* **Work item**
Output every record exactly, apart from its images.

* **Task input**

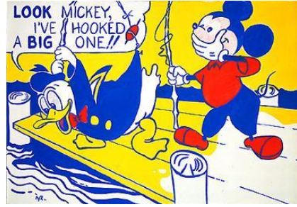
شكل رقم (9)
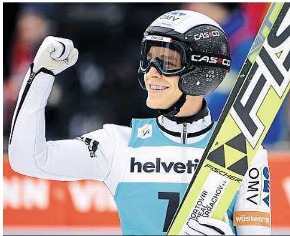
Koudelka slaví své třetí vítězství v sezoně i v kariéře.

Za Koudelkou byl druhý domácí závodník Simon Ammann, který s českým skokanem prohrál o 5,2 bodu. Koudelka předvedl v prvním kole skok dlouhý 135,5 metru
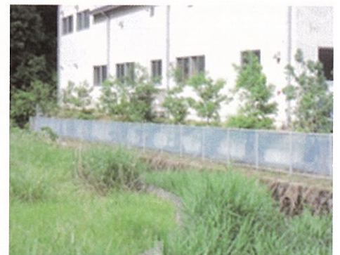
工場周辺のフェンス
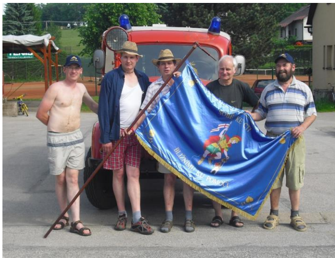
Odjezd do Litoměřic na Hasičské slavnosti 10.6.2010

Sbor se účastní okrskových soutěží v požárním sportu, s vozidlem Mercedes se účastní oslav výročí založení okolních sborů, výstavy hasičské techniky v Litoměřicích, ...
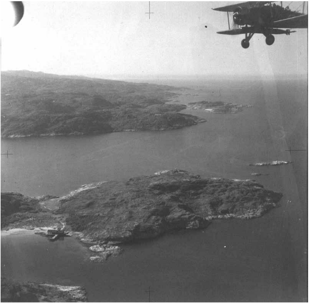
Kuva 2. Petsamonvuonon suu idästä länteen. Etualalla Numeroniemi, taka-alalla Etelamukka [kuvattu noin 7 kilometriä eli 2 minuuttia ennen määräpaikkaa].

neista tapaamisista kertovat Neuvostoliiton ulkoasiainkansankomissariaatin eli Narkomindelin pöytäkirjat, jotka ovat yksityiskohtaisempia lähteitä kuin brittien Lontooseen lähettämät sähköteet. Niistä käy selvästi ilmi, että tuoreilla liittolaisilla oli hyvin toisistaan eroavat käsitykset siitä, miten Ison-Britannian sotilaallisesta avusta Petsamon ja Murmanskin alueella pitäisi sopia. Molotovin mielestä kysymys oli vain Ison-Britannian hallituksen periaatteellisesta päätöksestä ja siksi mitään yksityiskohtaisempaa sotilaallista
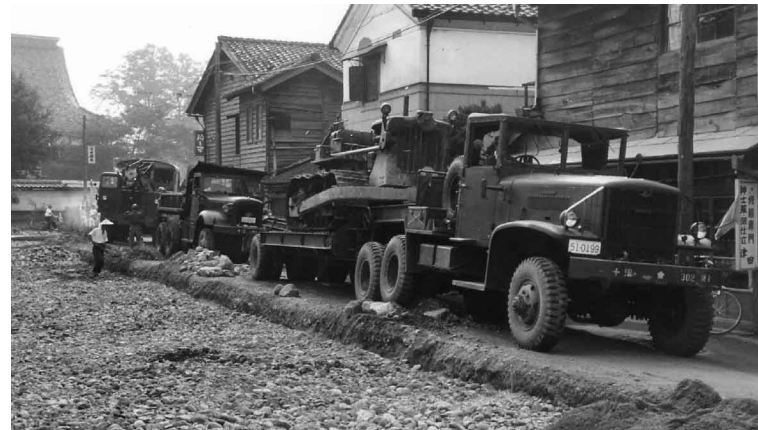
現国道417号の舗装工事(場所は現桜町1、3丁目で、後方に本山誠照寺が見える)。
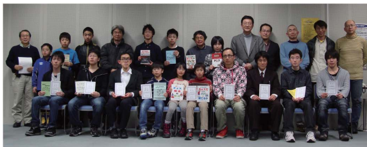
2012年3月25日 北海道チェス選手権大会
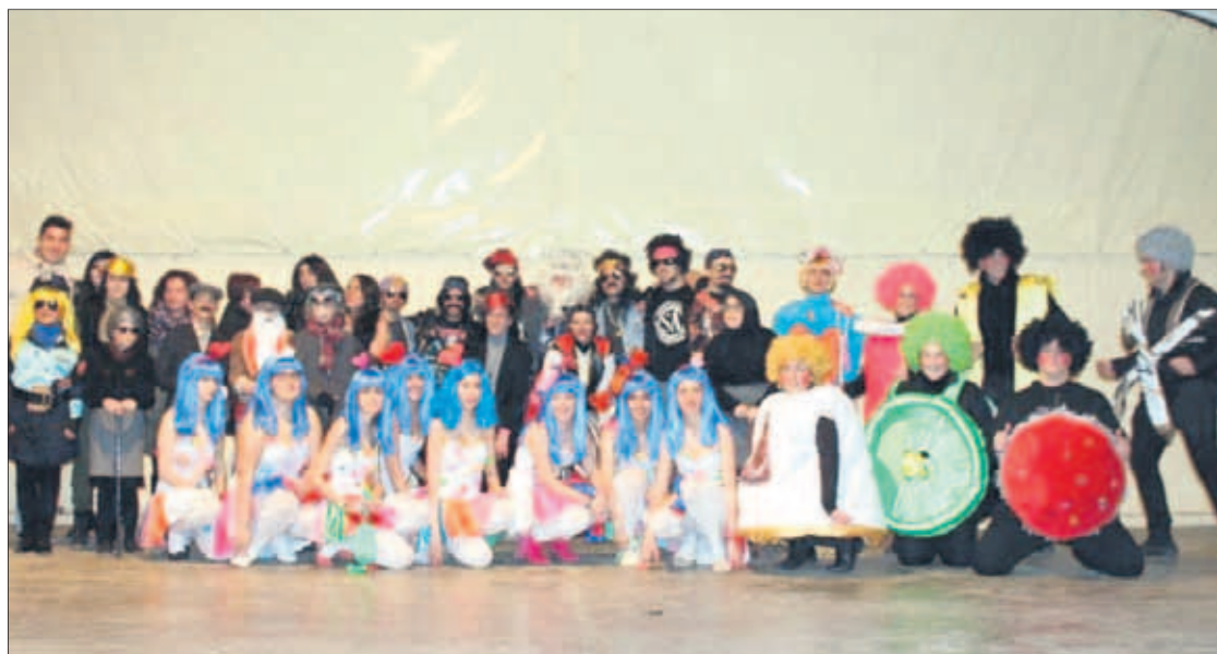
Foto de familia de los premiados en el concurso de disfraces del Carnaval fuensanteño.

La participación fue alta en el carnaval. El mejor disfraz infantil individual fue para Mujer Policía; el adulto individual para Alaska y Mario Vaquerizo; el infantil de grupo para Los Abuelos; el segundo premio de adulto de grupo para Las Katy Perry; el primero de adulto de grupo, para Los Moteros y el dedicado a Agatha Ruiz de la Prada y Su Costurero. El desfile del entierro de la sardina también brilló por las calles de Fuensanta.
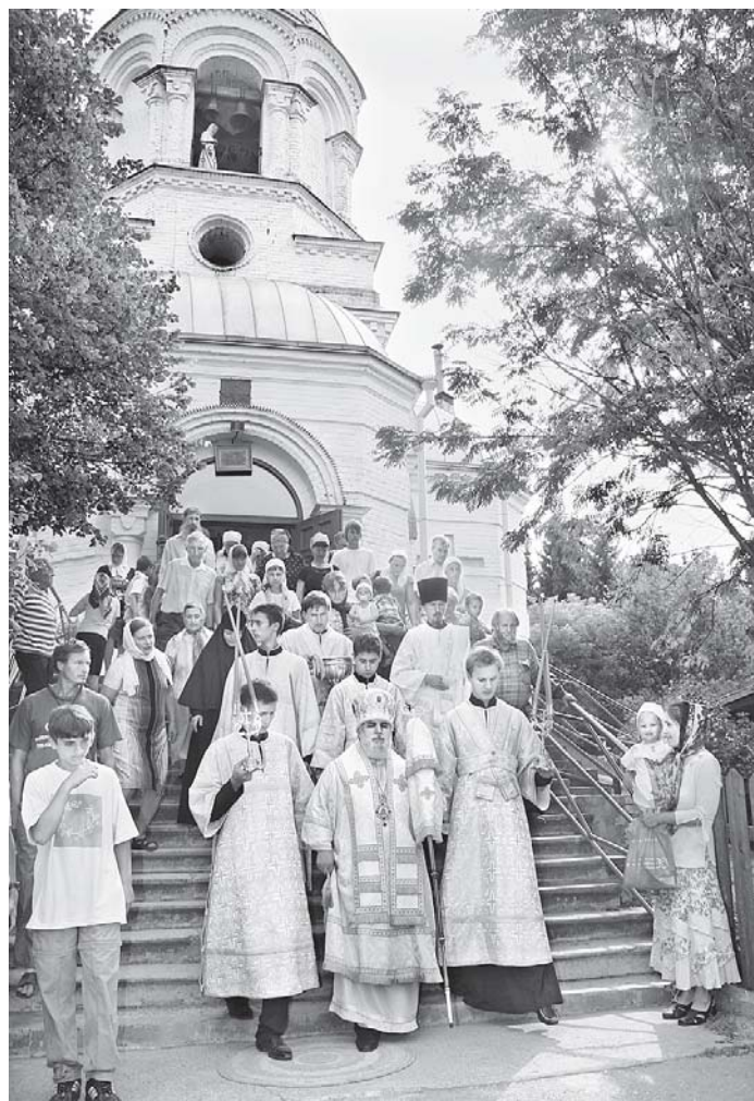
Традиционный крестный ход в престольный праздник
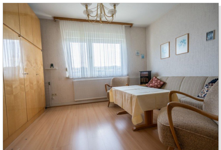
21. Schlafzimmer 1OG
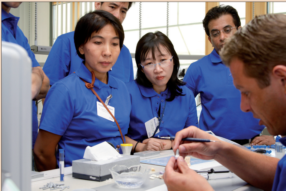
Ivoclar Vivadent: 2220 munkatárs világszer- te.

Világszer- te több mint 15 továbbképző központ segíti a magas tudásszint elérését az Ivoclar Vivadent termékeinek és rendszereinek alkalmazásá- hoz.
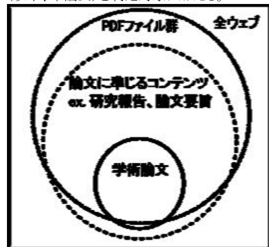
図1 ウェブ中の学術論文

ここでは学術論文の自動判定について検討していく際に、インフォーマルコミュニケーションをも包含した形での自動判定を目指していく。ただし、インフォーマルコミュニケーションの形はさまざまであるため、第一段階として、ここでは研究報告など、学術論文に準じるコンテンツ(以下、準論文)を判定対象に加える。
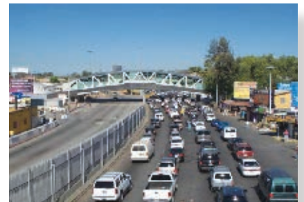
Garita de Tijuana.
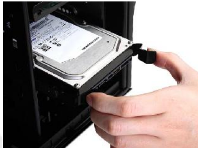
Slika 2: Vstavljanje diska na vodilih
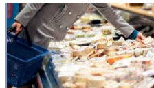
Grande distribution, poissonnerie, ...
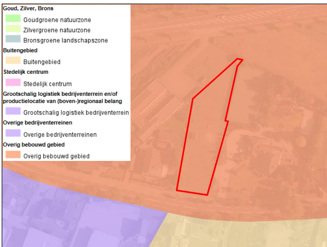
Uitsnede POL2014-kaart 'Zonering Limburg' met ligging plangebied (rood omlijnd)
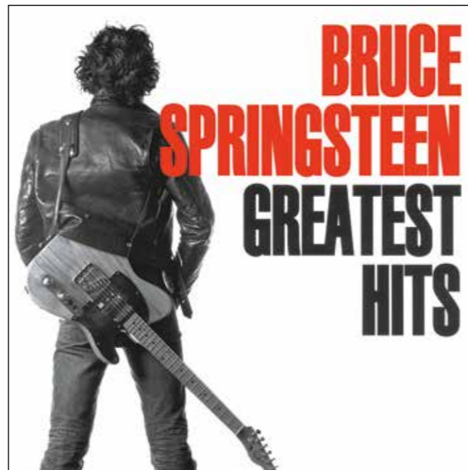
Het album Greatest Hits van Springsteen.

Deze Best Of is voor Bruce Springsteen een gelegenheid voor een reünie met de E Street Band en ze werken opnieuw samen aan het opnemen van vier van deze vijf nieuwe nummers. De muzikanten speelden immers niet mee op 'Streets of Philadelphia'. Het is dan ook in een sfeer van een gedeelde en aanstekelijke vreugde dat de leden van de E Street Band Bruce terugzien. De reünie is slechts tijdelijk... maar zou deze eenmalige samenwerking een voorbode kunnen zijn van een hereniging enkele jaren later?
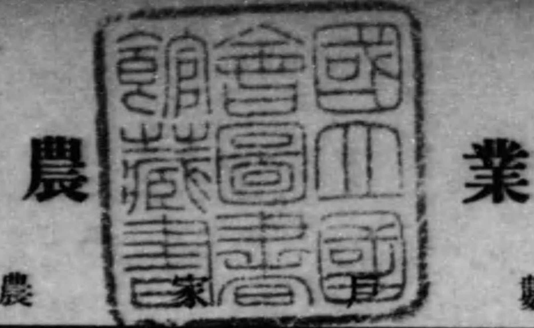
第 1 表 農 業 數
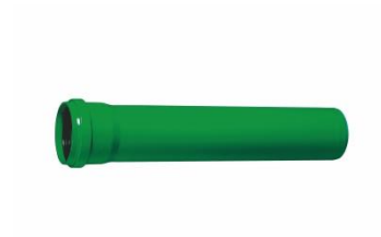
PP Kanalisationsrohr grün, NW 110 mm
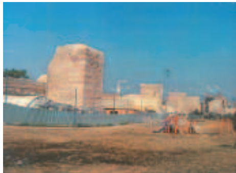
Resim11: Edirnekapısı'nda n Ayvansaray'a doğru surlar

Tek kat halindeki sur duvarı Anemas zindanlarından doğru aşağı inmekte ve burada küçük bir iç kale şeklinde oluşmuş olan bir düğüm noktasına ulaşmaktadır. Haliç kıyısına kadar inen bu küçük iç kalenin içinde bir sahabe türbesinden başka oldukça kalabalık bir hazire de vardır. Bu küçük iç kalenin hemen şehir tarafında evelce
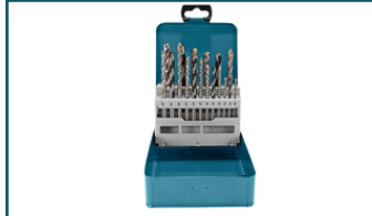
Borenset 18-dlg (1 stuks) - D-46202
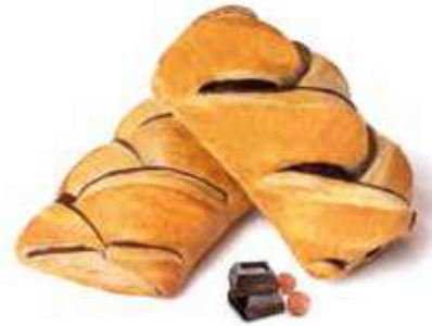
358 | intreccio crema di nocciole e cacao magro PESO 90 g - 55 PZ. PER CONFEZIONE
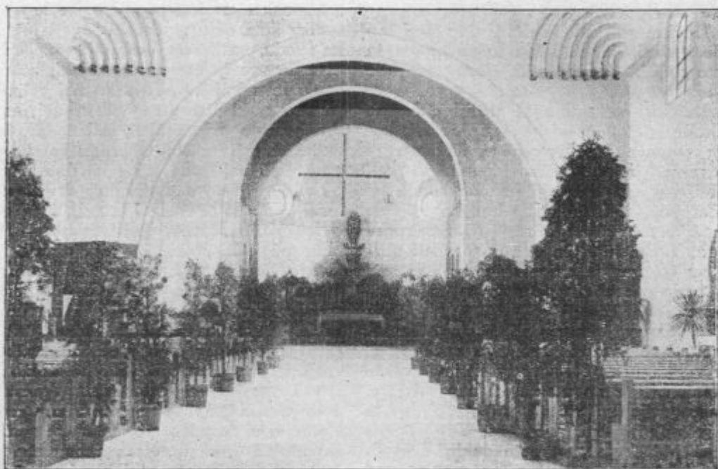
Cerkev sv. Jožefa v Ljubljani na dan posvetitve 19. marca 1922.

soseka ali večja vas eno). Naloga teh je prodajati Misijonski koledar, pobirati članarino za »Misijonsko mašno zvezo« in druge misijonske darove. Odsek je kupil v Jugoslovanski knjigovoznici 5 vezanih zapisnikov (435 K) po 100 listov. Zadostovalo bo vsaj za 20 let. Zapisniki so trdno vezani in imajo ob robu slovensko abecedo. Nabiralka ima v knjigi vse člane, jih lahko po abecedni razdelitvi hitro najde in tu ni treba drugega, kot dobljeni znesek vpisati v predalček za tisto leto. Ta način se je v Predosljih pri »Apostolstvu« sijajno obnesel.

* **Solved exercise**
شكل رقم (9)
Koudelka slaví své třetí vítězství v sezoně i v kariéře.

Za Koudelkou byl druhý domácí závodník Simon Ammann, který s českým skokanem prohrál o 5,2 bodu. Koudelka předvedl v prvním kole skok dlouhý 135,5 metru
工場周辺のフェンス
Odjezd do Litoměřic na Hasičské slavnosti 10.6.2010

Sbor se účastní okrskových soutěží v požárním sportu, s vozidlem Mercedes se účastní oslav výročí založení okolních sborů, výstavy hasičské techniky v Litoměřicích, ...
Kuva 2. Petsamonvuonon suu idästä länteen. Etualalla Numeroniemi, taka-alalla Etelamukka [kuvattu noin 7 kilometriä eli 2 minuuttia ennen määräpaikkaa].

neista tapaamisista kertovat Neuvostoliiton ulkoasiainkansankomissariaatin eli Narkomindelin pöytäkirjat, jotka ovat yksityiskohtaisempia lähteitä kuin brittien Lontooseen lähettämät sähköteet. Niistä käy selvästi ilmi, että tuoreilla liittolaisilla oli hyvin toisistaan eroavat käsitykset siitä, miten Ison-Britannian sotilaallisesta avusta Petsamon ja Murmanskin alueella pitäisi sopia. Molotovin mielestä kysymys oli vain Ison-Britannian hallituksen periaatteellisesta päätöksestä ja siksi mitään yksityiskohtaisempaa sotilaallista
現国道417号の舗装工事(場所は現桜町1、3丁目で、後方に本山誠照寺が見える)。
2012年3月25日 北海道チェス選手権大会
Foto de familia de los premiados en el concurso de disfraces del Carnaval fuensanteño.

La participación fue alta en el carnaval. El mejor disfraz infantil individual fue para Mujer Policía; el adulto individual para Alaska y Mario Vaquerizo; el infantil de grupo para Los Abuelos; el segundo premio de adulto de grupo para Las Katy Perry; el primero de adulto de grupo, para Los Moteros y el dedicado a Agatha Ruiz de la Prada y Su Costurero. El desfile del entierro de la sardina también brilló por las calles de Fuensanta.
Традиционный крестный ход в престольный праздник
21. Schlafzimmer 1OG
Ivoclar Vivadent: 2220 munkatárs világszer- te.

Világszer- te több mint 15 továbbképző központ segíti a magas tudásszint elérését az Ivoclar Vivadent termékeinek és rendszereinek alkalmazásá- hoz.
図1 ウェブ中の学術論文

ここでは学術論文の自動判定について検討していく際に、インフォーマルコミュニケーションをも包含した形での自動判定を目指していく。ただし、インフォーマルコミュニケーションの形はさまざまであるため、第一段階として、ここでは研究報告など、学術論文に準じるコンテンツ(以下、準論文)を判定対象に加える。
Garita de Tijuana.
Slika 2: Vstavljanje diska na vodilih
Grande distribution, poissonnerie, ...
Uitsnede POL2014-kaart 'Zonering Limburg' met ligging plangebied (rood omlijnd)
Het album Greatest Hits van Springsteen.

Deze Best Of is voor Bruce Springsteen een gelegenheid voor een reünie met de E Street Band en ze werken opnieuw samen aan het opnemen van vier van deze vijf nieuwe nummers. De muzikanten speelden immers niet mee op 'Streets of Philadelphia'. Het is dan ook in een sfeer van een gedeelde en aanstekelijke vreugde dat de leden van de E Street Band Bruce terugzien. De reünie is slechts tijdelijk... maar zou deze eenmalige samenwerking een voorbode kunnen zijn van een hereniging enkele jaren later?
第 1 表 農 業 數
PP Kanalisationsrohr grün, NW 110 mm
Resim11: Edirnekapısı'nda n Ayvansaray'a doğru surlar

Tek kat halindeki sur duvarı Anemas zindanlarından doğru aşağı inmekte ve burada küçük bir iç kale şeklinde oluşmuş olan bir düğüm noktasına ulaşmaktadır. Haliç kıyısına kadar inen bu küçük iç kalenin içinde bir sahabe türbesinden başka oldukça kalabalık bir hazire de vardır. Bu küçük iç kalenin hemen şehir tarafında evelce
Borenset 18-dlg (1 stuks) - D-46202
358 | intreccio crema di nocciole e cacao magro PESO 90 g - 55 PZ. PER CONFEZIONE
Cerkev sv. Jožefa v Ljubljani na dan posvetitve 19. marca 1922.

soseka ali večja vas eno). Naloga teh je prodajati Misijonski koledar, pobirati članarino za »Misijonsko mašno zvezo« in druge misijonske darove. Odsek je kupil v Jugoslovanski knjigovoznici 5 vezanih zapisnikov (435 K) po 100 listov. Zadostovalo bo vsaj za 20 let. Zapisniki so trdno vezani in imajo ob robu slovensko abecedo. Nabiralka ima v knjigi vse člane, jih lahko po abecedni razdelitvi hitro najde in tu ni treba drugega, kot dobljeni znesek vpisati v predalček za tisto leto. Ta način se je v Predosljih pri »Apostolstvu« sijajno obnesel.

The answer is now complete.